His shoulders—did you see how they slump? And there’s no spring in his step.
His toes drag a little, but it’s not that—it’s in his eyes. His eyes are old.
He never would go to bed until last.
Did you notice he forgot what he was saying right in the middle of a story?
It’s his skin told me. It’s gone wrinkled, and the backs of his hands have turned transparent.
He favors his right leg.
Yes, but that’s the one the horse broke.
I know, but he never favored it before.
They said these things in outrage. This can’t happen, they were saying. Father can’t be an old man. Samuel is young as the dawn—the perpetual dawn.
He might get old as midday maybe, but sweet God! the evening cannot come, and the night—? Sweet God, no!
It was natural that their minds leaped on and recoiled, and they would not speak of that, but their minds said, There can’t be any world without Samuel.
How could we think about anything without knowing what he thought about it?
What would the spring be like, or Christmas, or rain? There couldn’t be a Christmas.
Their minds shrank away from such thinking and they looked for a victim—someone to hurt because they were hurt. They turned on Tom.
You were here. You’ve been here all along!
How did this happen? When did it happen?
Who did this to him?
Have you by any chance done this with your craziness?
And Tom could stand it because he had been with it. “It was Una,” he said hoarsely. “He couldn’t get over Una. He told me how a man, a real man, had no right to let sorrow destroy him. He told me again and again how I must believe that time would take care of it. He said it so often that I knew he was losing.”
“Why didn’t you tell us? Maybe we could have done something.”
Tom leaped up, violent and cringing. “Goddam it! What was there to tell? That he was dying of sorrow? That the marrow had melted out of his bones? What was there to tell? You weren’t here. I had to look at it and see his eyes die down—goddam it.” Tom went out of the room and they heard his clodhopper feet knocking on the flinty ground outside.
They were ashamed. Will Martin said, “I’ll go out and bring him back.”
“Don’t do it,” George said quickly, and the blood kin nodded. “Don’t do it. Let him alone. We know him from the insides of ourselves.”
In a little while Tom came back. “I want to apologize,” he said. “I’m very sorry. Maybe I’m a little drunk. Father calls it ‘jolly’ when I do it. One night I rode home”—it was a confession—”and I came staggering across the yard and I fell into the rosebush and crawled up the stairs on my hands and knees and I was sick on the floor beside my bed. In the morning I tried to tell him I was sorry, and do you know what he said? ‘Why, Tom, you were just jolly.’ ‘Jolly,’ if I did it. A drunken man didn’t crawl home. Just jolly.”

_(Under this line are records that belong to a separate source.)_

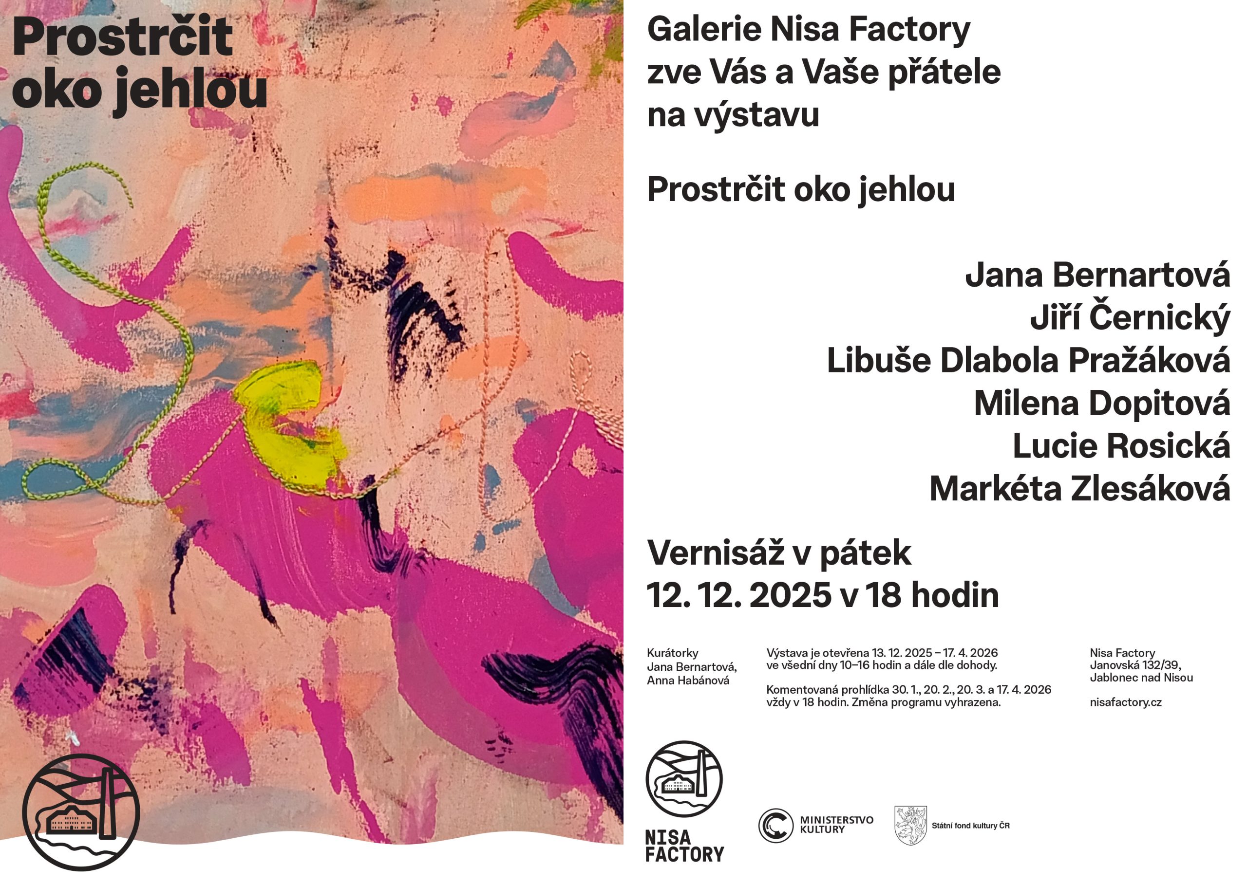 Galerie Nisa Factory otevírá novou výstavu s názvem Prostrčit oko jehlou, která představuje současné umění inspirující se textilem, jeho strukturou, ornamentikou i tradičními technikami. Název provokuje, téma však přímo odkazuje na historii samotné budovy – bývalé přádelny fungující od 19. století až do počátku 50. let 20. století.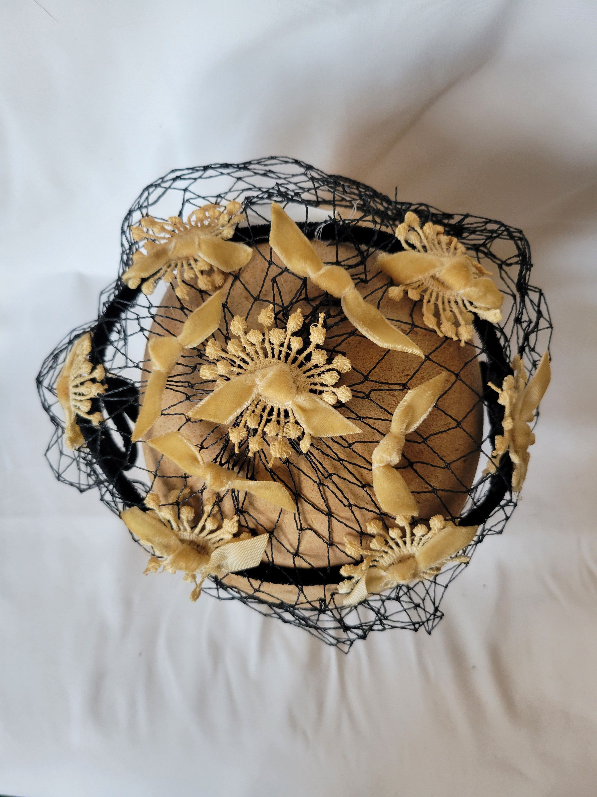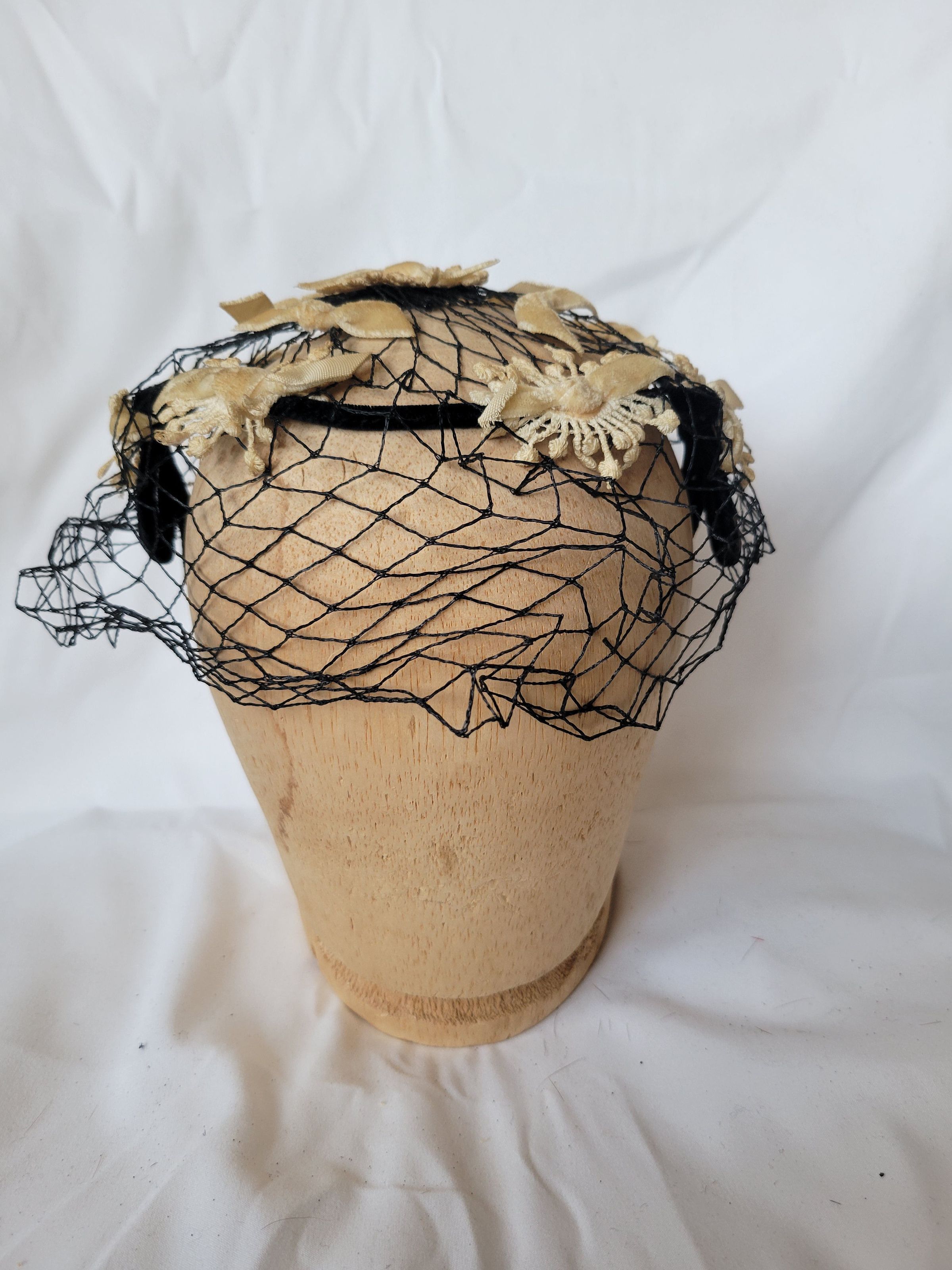 A black velvet covered wire ring with prongs on either side and wide black netting draped over. Ivory applique adorn the top. This type of circlet "hat" with no crown was popular in the 1950s.Collection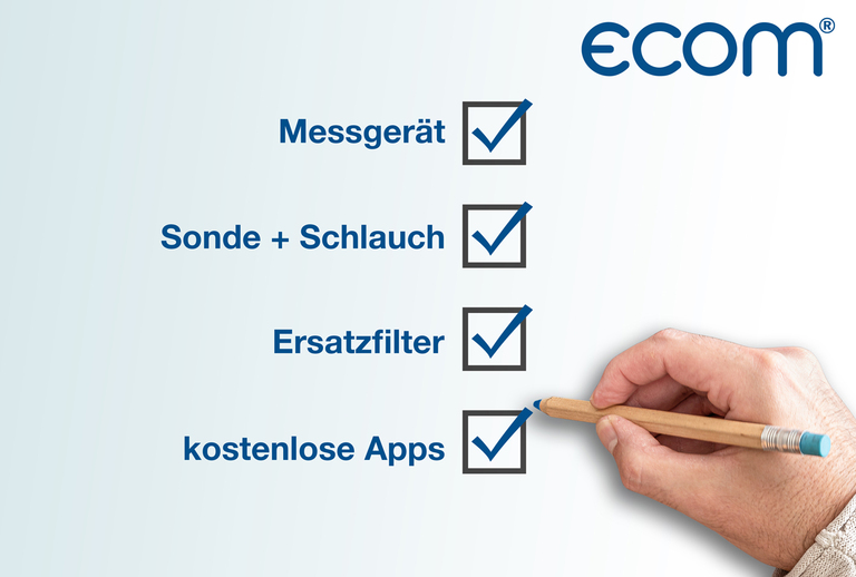 Damit Sie direkt mehrere Messungen ohne Unterbrechung durchführen können, liefert ecom praktische Verbrauchsmaterialien gleich mit. Druckerpapier und Filter für die ersten Wochen und Monate sind ebenso im Paket enthalten, das den Einsatz vor Ort komfortabler macht.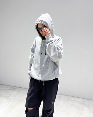 「GILDAN」定番フーディのフード紐をパラコードに変更し、裾の仕様も2種類から選べるセミオーダーカスタムフーディ。

George stopped the crazy flow of talk. “We want to apologize to you, Tom,” he said. “Why, we sounded as though we were blaming you and we didn’t mean to. Or maybe we did mean to. And we’re sorry.”
Will Martin said realistically, “It’s too hard a life here. Why don’t we get him to sell out and move to town? He could have a long and happy life. Mollie and I would like them to come and live with us.”